De redengeving van de op te leggen straf
De officier van justitie heeft ter terechtzitting gevorderd dat de verdachte ter zake van de feiten zal worden veroordeeld tot een taakstraf in de vorm van een werkstraf voor de duur van 200 uren, met aftrek conform het bepaalde in artikel 27 van het Wetboek van Strafrecht.
De raadsman heeft primair niet ontvankelijkheid van het openbaar ministerie bepleit. Subsidiair heeft de raadsman partiële vrijspraak gevorderd van een aantal onderdelen.
Ten aanzien van de strafmaat heeft de raadsman aangevoerd dat rekening dient te worden gehouden met de persoon van verdachte en de omstandigheden waarin verdachte verkeert.
Mede gelet op hetgeen door de officier van justitie en namens de verdachte ter terechtzitting naar voren is gebracht, overweegt de rechtbank in verband met de op te leggen straf het volgende.
De rechtbank heeft bij de bepaling van de op te leggen straf gelet op de aard en ernst van hetgeen bewezen is verklaard, op de omstandigheden waaronder het bewezenverklaarde is begaan en op de persoon van de verdachte, zoals een en ander uit het onderzoek ter terechtzitting naar voren is gekomen.
De rechtbank heeft tevens in de strafoplegging rekening gehouden met het feit dat de redelijke termijn, als bedoeld in artikel 6 EVRM, is overschreden.
De toepasselijke wettelijke bepalingen
De op te leggen straf is gegrond op de artikelen 22c, 22d, 57 en 225 van het Wetboek van Strafrecht.
-verklaart wettig en overtuigend bewezen, dat de verdachte het ten laste gelegde, zoals hiervoor is omschreven, heeft begaan;
-verklaart dat het bewezenverklaarde de hiervoor vermelde strafbare feiten oplevert en dat de verdachte strafbaar is;
-veroordeelt de verdachte tot een taakstraf die zal bestaan uit een werkstraf voor de duur van 200 uren, en beveelt dat indien verdachte de taakstraf niet naar behoren heeft verricht, vervangende hechtenis voor de duur van 100 dagen zal worden toegepast;
-beveelt dat de tijd door de veroordeelde vóór de tenuitvoerlegging van deze uitspraak in verzekering doorgebracht, bij de uitvoering van de taakstraf geheel in mindering zal worden gebracht, naar de maatstaf van twee uren per dag.

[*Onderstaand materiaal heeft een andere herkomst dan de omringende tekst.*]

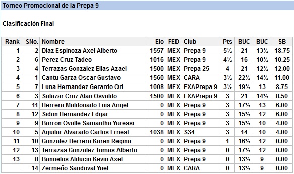 30 de Septiembre Torneo Promocional de la Prepa 9 2017, se disputó un Suizo a 6 rondas a un ritmo de 10 minutos + 5 segundos por jugadaen donde alumnos y exalumnos de la Prepa pudieron convivir junto con estudiantes de secundaria y a la vez competir por las medallas.
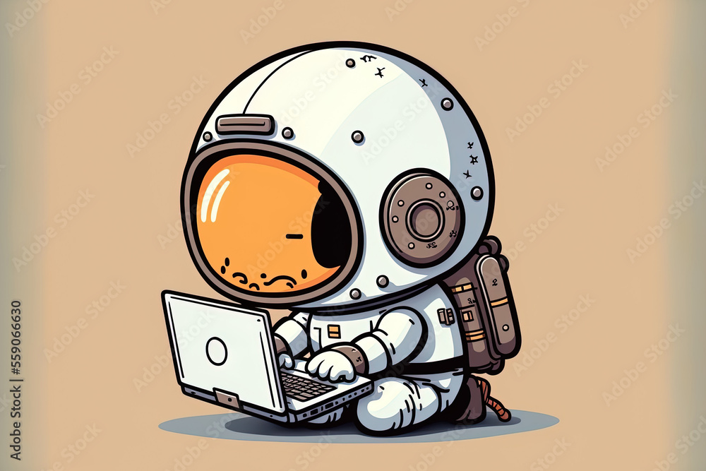 Cartoon illustration of an astronaut working in front of a computer, AI ...
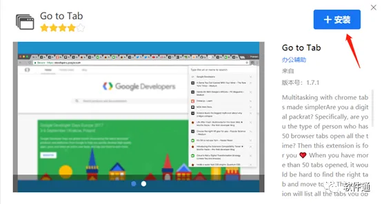 点击“Go To Tab”插件进行安装,可以看到该款插件的详细介绍,总结了插件的几个功能:列表显示标签页、标签页可搜索、快速关闭、导航标签页。
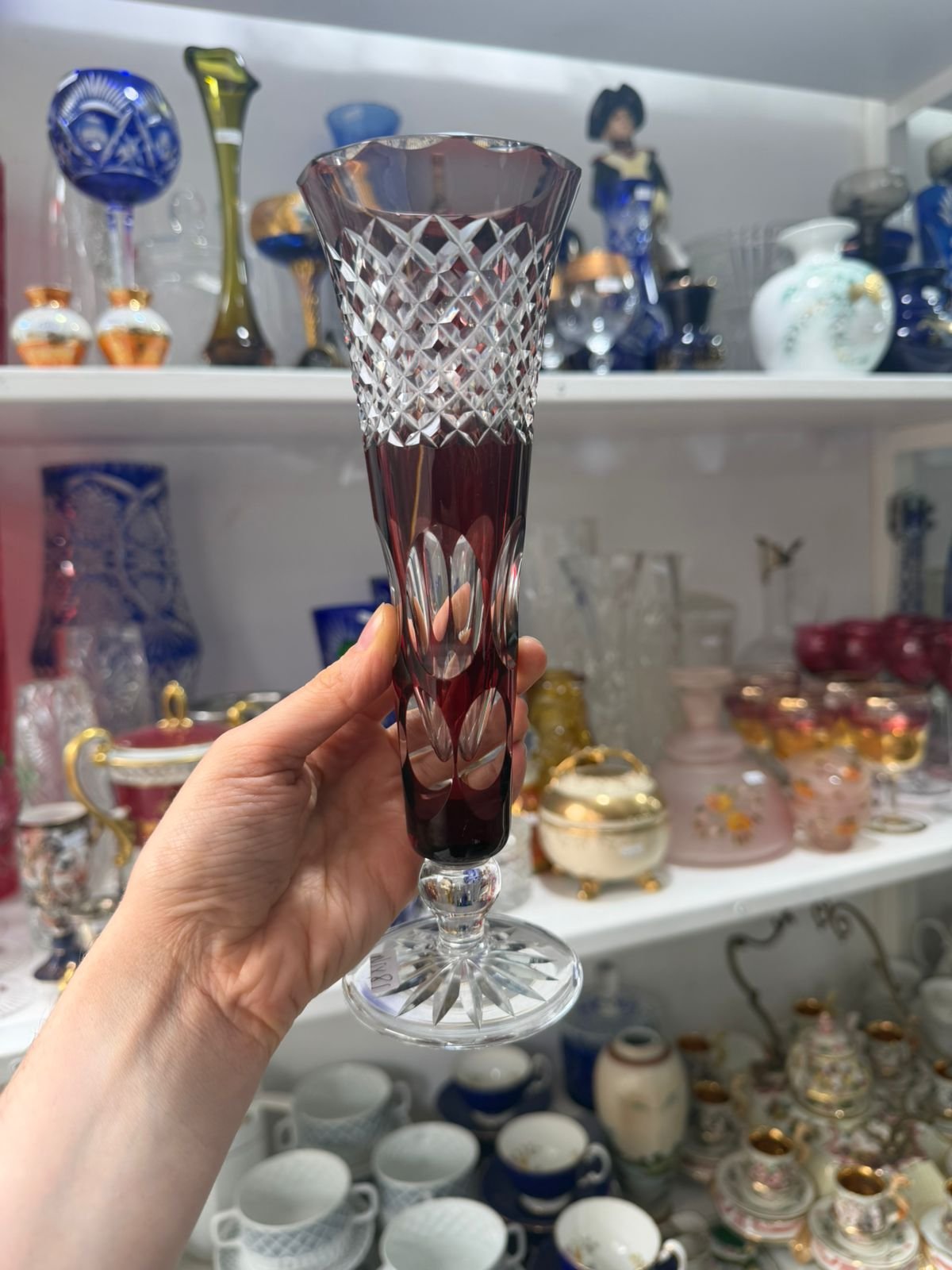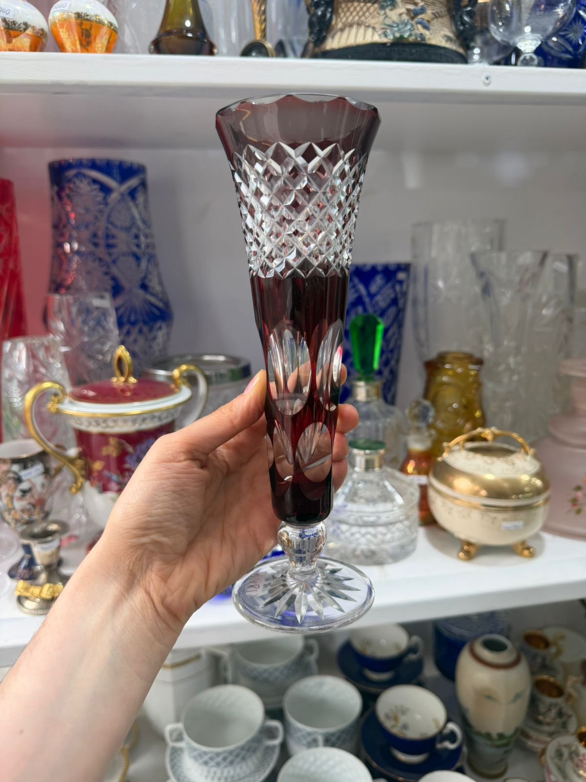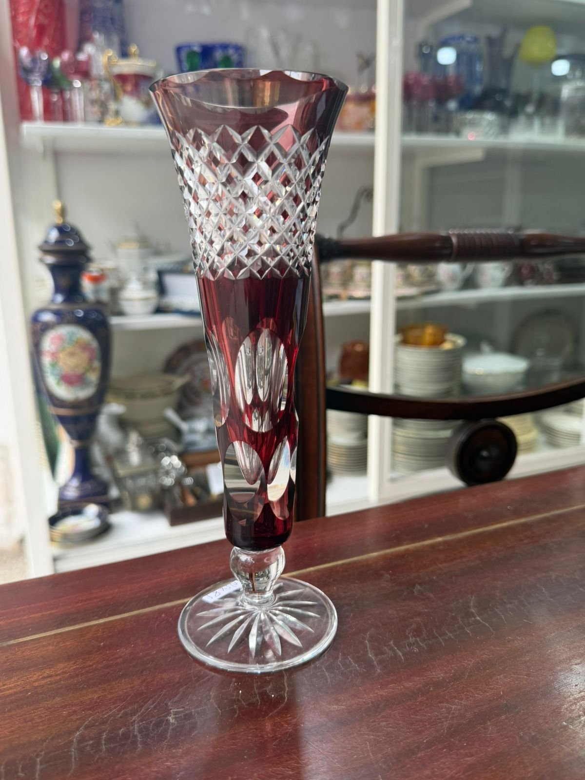 Sé el primero en valorar “Florero violetero de cristal super tallado rubi”
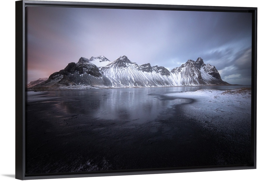 <p>Pastel sky over dark mountains covered in fresh snow in Stokksnes, Iceland.</p>
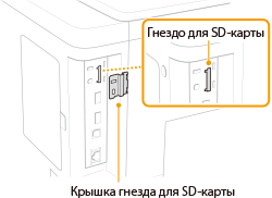 В этом разделе рассматривается порядок установки и инициализации SD-карты. Установите SD-карту в гнездо SD-карты на левой панели аппарата. Перед установкой SD-карты ознакомьтесь с мерами предосторожности, приведенными в разделе Установка. Обратите внимание, что данные в аппарате, которые хранятся на SD-карте, шифруются. Это гарантирует безопасное использования SD-карты в компьютере или в прочих ситуациях, поскольку зашифрованные данные с SD-карты защищены от неуполномоченного извлечения. | ![]() |
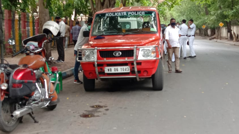 দূরে দাঁড়িয়ে কলকাতা পুলিশের ভ্যান।
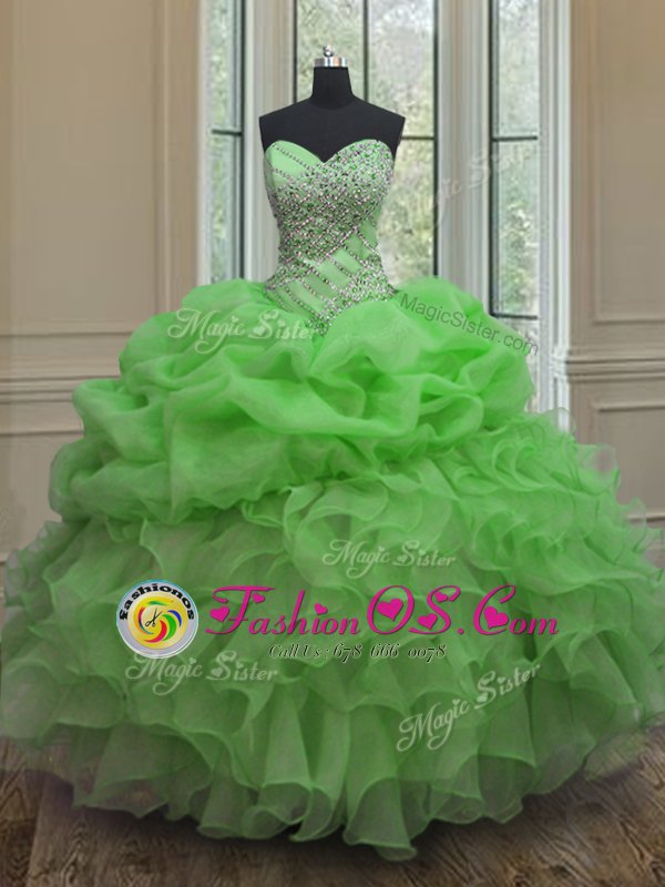 Edgy Sleeveless Lace Up Floor Length Beading and Ruffles and Pick Ups Quince Ball Gowns
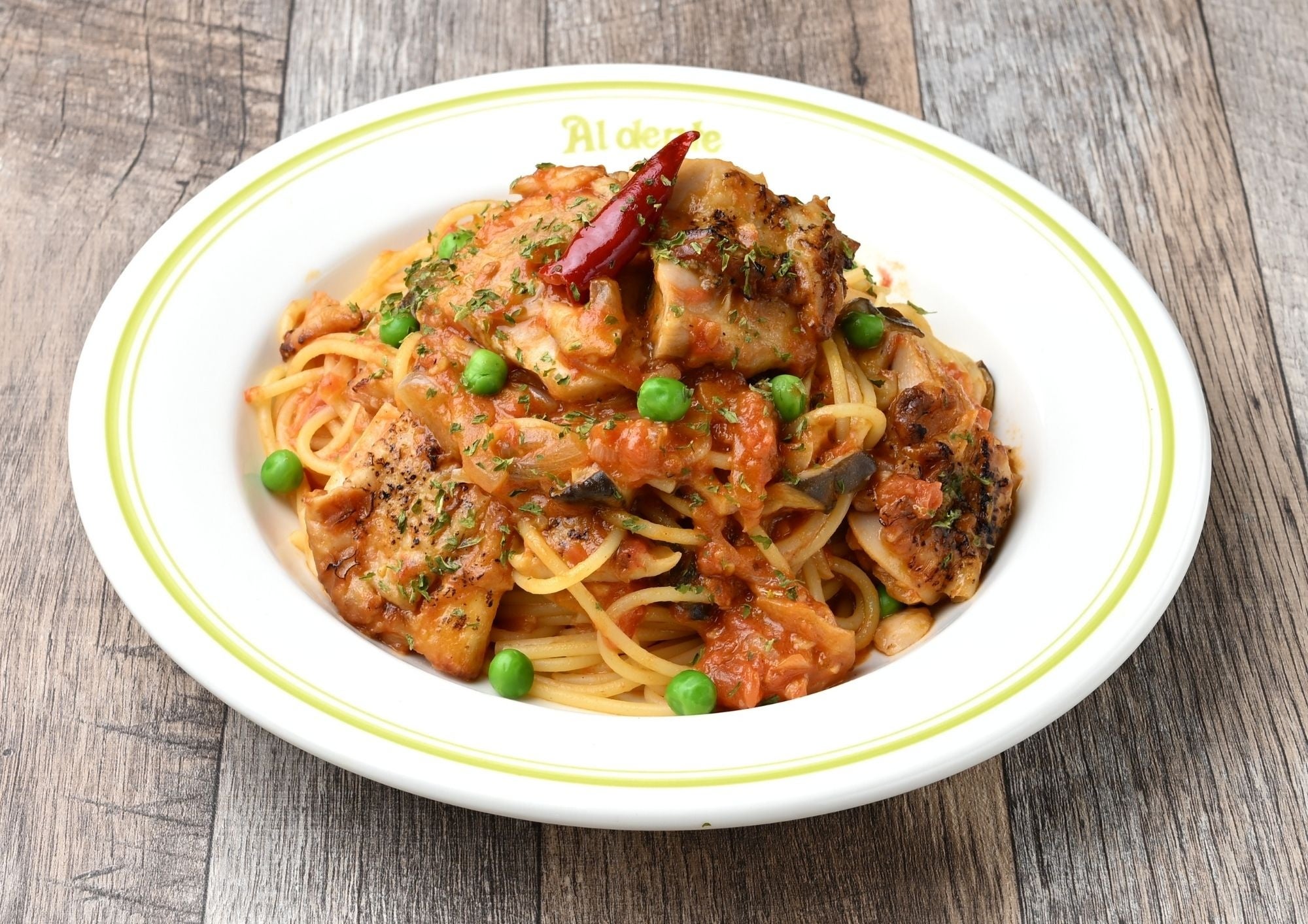 ゴロっとした鶏肉とバターが溶けた、コクのあるトマトソースが食べ応えのある一品です。
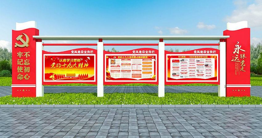 黨建文化宣傳欄是一種近年來(lái)流行在城鎮(zhèn),鄉(xiāng)村,市政,社區(qū)等公共資源大院的標(biāo)志性愛(ài)國(guó)愛(ài)黨政治產(chǎn)物,我們看到黨建兩個(gè)字就可以聯(lián)想到這是為宣傳,為公示,為思想建設(shè)的標(biāo)識(shí)牌,豎立在市政大院或廣場(chǎng)一偶,便有了黨與人民心結(jié)相同的聯(lián)姻。這里黨建文化標(biāo)識(shí)或是社會(huì)主義價(jià)值觀標(biāo)識(shí)引人注目,宣傳作用效果顯著。讓往來(lái)人群感受有所不同的實(shí)時(shí)訊息及黨政教育和思想的傳達(dá)。

Dit vonnis is aldus gewezen door mr. Th.J.M. Oostdijk, voorzitter, mr. J. Wöretshofer en mr. Th.A.J.M. Provaas, rechters, in tegenwoordigheid van mr. E.M. Wijckerheld Bisdom, griffier, en uitgesproken ter openbare terechtzitting van deze rechtbank op 24 januari 2007.
RECHTBANK MAASTRICHT
Sector Strafrecht
Parketnummer: 03/095022-03
Proces-verbaal van het voorgevallene ter openbare terechtzitting van de enkelvoudige kamer van de rechtbank voornoemd van 24 januari 2007 in de zaak tegen:
[naam verdachte],
geboren te [geboortedatum en plaats verdachte],
wonende te [adres verdachte].
mr. , officier van justitie,
De rechter doet de zaak uitroepen.
De verdachte is in de zaal van de terechtzitting aanwezig.
De rechter spreekt het vonnis uit en geeft de verdachte kennis dat hij daartegen binnen 14 dagen hoger beroep kan instellen.
Waarvan proces-verbaal, vastgesteld en getekend door de rechter en de griffier.
Raadsman mr. R.J.A.F. Caris, advocaat te Maastricht.